Desafíos e incentivos

/ 3 de enero de 2021 / 06:57

Un hilo de mi reflexión sobre el proceso político boliviano es la representación política. Sus fortalezas y debilidades; el riesgo de una crisis que impulse la vigencia de tendencias antipolíticas en la sociedad y los desafíos que enfrenta en determinadas coyunturas. En este caso me concentro en las señales que surgieron en la definición de las estrategias electorales de las principales fuerzas políticas del campo opositor rumbo a las elecciones subnacionales de 2021.

Un punto de partida es la modificación del sistema de partidos con la presencia de Comunidad Ciudadana y Creemos en la Asamblea Legislativa Plurinacional en reemplazo de Demócratas y Unidad Nacional.
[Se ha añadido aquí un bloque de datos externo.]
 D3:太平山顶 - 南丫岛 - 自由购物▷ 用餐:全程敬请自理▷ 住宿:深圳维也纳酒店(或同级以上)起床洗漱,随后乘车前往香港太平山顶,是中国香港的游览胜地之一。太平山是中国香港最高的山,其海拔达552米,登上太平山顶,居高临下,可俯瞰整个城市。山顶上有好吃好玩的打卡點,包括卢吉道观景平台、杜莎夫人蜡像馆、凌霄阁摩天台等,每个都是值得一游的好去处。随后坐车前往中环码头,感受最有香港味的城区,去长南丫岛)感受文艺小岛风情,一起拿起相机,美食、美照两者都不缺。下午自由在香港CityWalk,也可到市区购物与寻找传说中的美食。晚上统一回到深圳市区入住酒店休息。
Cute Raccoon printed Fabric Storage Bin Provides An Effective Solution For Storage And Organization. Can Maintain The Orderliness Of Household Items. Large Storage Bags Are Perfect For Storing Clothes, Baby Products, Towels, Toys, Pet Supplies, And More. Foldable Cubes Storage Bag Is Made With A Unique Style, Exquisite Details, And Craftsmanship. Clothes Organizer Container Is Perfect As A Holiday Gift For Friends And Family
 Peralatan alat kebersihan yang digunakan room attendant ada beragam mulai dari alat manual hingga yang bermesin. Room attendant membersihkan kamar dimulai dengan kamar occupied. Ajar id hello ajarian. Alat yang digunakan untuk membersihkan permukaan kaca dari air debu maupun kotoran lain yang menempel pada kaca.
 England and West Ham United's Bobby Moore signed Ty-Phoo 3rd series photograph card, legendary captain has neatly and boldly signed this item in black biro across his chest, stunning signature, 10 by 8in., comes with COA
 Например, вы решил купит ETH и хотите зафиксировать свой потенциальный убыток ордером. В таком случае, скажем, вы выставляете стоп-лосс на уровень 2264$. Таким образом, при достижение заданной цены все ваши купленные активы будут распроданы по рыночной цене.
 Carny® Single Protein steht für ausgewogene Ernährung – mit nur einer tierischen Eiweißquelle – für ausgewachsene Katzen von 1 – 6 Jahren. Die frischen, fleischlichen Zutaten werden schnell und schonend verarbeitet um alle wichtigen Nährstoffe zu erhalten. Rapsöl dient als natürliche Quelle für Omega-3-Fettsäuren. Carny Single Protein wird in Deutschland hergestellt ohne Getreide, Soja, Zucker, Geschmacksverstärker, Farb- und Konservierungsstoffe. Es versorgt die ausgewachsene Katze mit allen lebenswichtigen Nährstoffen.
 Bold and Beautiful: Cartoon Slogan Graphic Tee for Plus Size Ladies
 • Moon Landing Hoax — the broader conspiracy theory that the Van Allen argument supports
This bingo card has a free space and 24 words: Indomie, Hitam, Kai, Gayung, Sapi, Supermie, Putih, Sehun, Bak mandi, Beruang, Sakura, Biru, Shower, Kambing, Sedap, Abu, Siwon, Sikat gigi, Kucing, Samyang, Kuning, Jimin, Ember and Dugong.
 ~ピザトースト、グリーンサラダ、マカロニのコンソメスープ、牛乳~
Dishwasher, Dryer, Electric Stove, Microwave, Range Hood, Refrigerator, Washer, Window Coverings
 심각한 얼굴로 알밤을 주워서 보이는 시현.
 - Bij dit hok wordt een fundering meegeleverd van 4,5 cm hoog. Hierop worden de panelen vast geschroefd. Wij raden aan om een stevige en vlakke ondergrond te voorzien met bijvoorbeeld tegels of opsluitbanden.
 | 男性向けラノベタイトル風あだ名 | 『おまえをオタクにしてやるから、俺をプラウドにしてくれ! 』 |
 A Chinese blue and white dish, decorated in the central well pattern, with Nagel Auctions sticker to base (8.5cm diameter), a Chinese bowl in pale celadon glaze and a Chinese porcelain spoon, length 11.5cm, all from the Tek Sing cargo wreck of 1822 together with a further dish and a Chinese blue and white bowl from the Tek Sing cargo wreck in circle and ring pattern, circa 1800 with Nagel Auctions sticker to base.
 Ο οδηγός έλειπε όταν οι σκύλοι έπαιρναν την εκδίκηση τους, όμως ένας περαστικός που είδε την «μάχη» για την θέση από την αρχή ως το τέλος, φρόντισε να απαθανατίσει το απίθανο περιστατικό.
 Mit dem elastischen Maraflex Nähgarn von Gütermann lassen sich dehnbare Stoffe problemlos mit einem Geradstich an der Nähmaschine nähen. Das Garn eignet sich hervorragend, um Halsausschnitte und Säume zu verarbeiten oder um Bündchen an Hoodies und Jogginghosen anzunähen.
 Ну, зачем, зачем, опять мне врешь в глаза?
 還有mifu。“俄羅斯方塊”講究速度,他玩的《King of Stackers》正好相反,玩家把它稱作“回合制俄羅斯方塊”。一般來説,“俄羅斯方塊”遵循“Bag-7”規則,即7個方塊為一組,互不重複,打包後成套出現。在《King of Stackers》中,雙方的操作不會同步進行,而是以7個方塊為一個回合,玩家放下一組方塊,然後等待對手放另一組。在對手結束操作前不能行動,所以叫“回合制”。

Dos fuerzas de reciente creación desplazaron a dos partidos con más de 10 años de trayectoria. El MAS ratificó su condición de pivote del sistema de partidos siendo la única fuerza parlamentaria estable durante casi dos décadas. Ahora bien, ¿qué denota la selección de candidatos y la formación de frentes electorales para el fortalecimiento o deterioro de la capacidad de representación política?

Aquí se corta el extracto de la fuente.